BARUMERLI2022_FEATUREEXTRACTION - extract binaural and monaural cues from SOFA object

Program code:

function [varargout] = barumerli2022_featureextraction(sofa_obj, varargin)
%BARUMERLI2022_FEATUREEXTRACTION extract binaural and monaural cues from SOFA object
%
%   Usage: [template, target] = barumerli2022_featureextraction(sofa_obj)
%
%   Input parameters:
%       sofa_obj: Struct in SOFA format with DTFs
%
%   Output parameters:
%     template : internal templates with specific feature points
%     target   : (optional) preprocessed target struct
%
%   BARUMERLI2022_FEATUREEXTRACTION(...) computes temporally integrated
%   spectral magnitude profiles, itd and ild.
%
%
%   Additional input parameters: 
%
%     'fs'          Sampling rate. Default: 48kHz. 
%
%     'flow'        Low frequency for auditory bands. Default: 700Hz
% 
%     'fhigh'       High frequency for auditory bands. Default: 18kHz
% 
%     'space'       Auditory bands spacing. Default: 1 ERB
%         
%     'targ_az'     column vector to select the binaural stimulus in the 
%                   templates with the specified azimuth in degree shall 
%                   be used as target. Use in combination with targ_el. 
%                   Default: [].
%         
%     'targ_el'     column vector to select the binaural stimulus in the 
%                   templates with the specified elevation in degree shall 
%                   be used as target. Use in combination with targ_az. 
%                   Default: [].
%                     
%     'source_ir'   Specify a custom sound source to be convolved with HRTFs. 
%                   The default consider broadband noise.
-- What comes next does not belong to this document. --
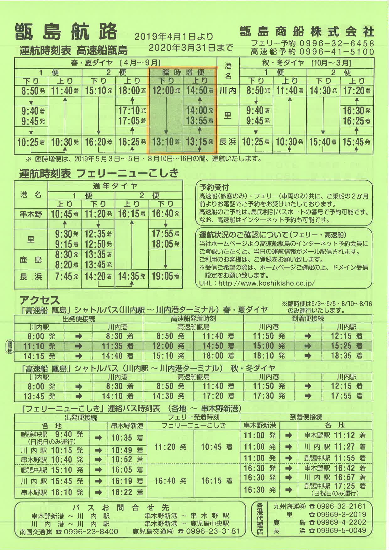 お盆期間中の高速船甑島臨時便運航(8/10~8/16)及びアクセスについて(お知らせ)

Default: []
%         
%     'source_fs'   Sampling rate of the source. Default: 0 Hz
% 
%   
%   Further, cache flags (see amt_cache) and plot flags can be specified:
%
%     'template'          Compute only templates.
%
%     'target'            Compute only targets.
%
%     'pge'               Use spectral gradients as monaural cues. 
%
%     'dtf'               Use spectral amplitudes as monaural cues. 
%
%     'monaural_none'     Do not use monaural cues. 
%
%     'reijniers'         Compute feature space as in Reijniers et al. 2014
%       
%     'source'            Use sound source provided with the parameter source_ir 
%                         to compute targets.
%
%
%
%
%
%   See also: barumerli2022
%
%   Url: http://amtoolbox.org/amt-1.2.0/doc/modelstages/barumerli2022_featureextraction.php

% Copyright (C) 2009-2022 Piotr Majdak, Clara Hollomey, and the AMT team.
% This file is part of Auditory Modeling Toolbox (AMT) version 1.2.0
%
% This program is free software: you can redistribute it and/or modify
% it under the terms of the GNU General Public License as published by
% the Free Software Foundation, either version 3 of the License, or
% (at your option) any later version.
%
% This program is distributed in the hope that it will be useful,
% but WITHOUT ANY WARRANTY; without even the implied warranty of
% MERCHANTABILITY or FITNESS FOR A PARTICULAR PURPOSE.  See the
% GNU General Public License for more details.
%
% You should have received a copy of the GNU General Public License
% along with this program.  If not, see <http://www.gnu.org/licenses/>.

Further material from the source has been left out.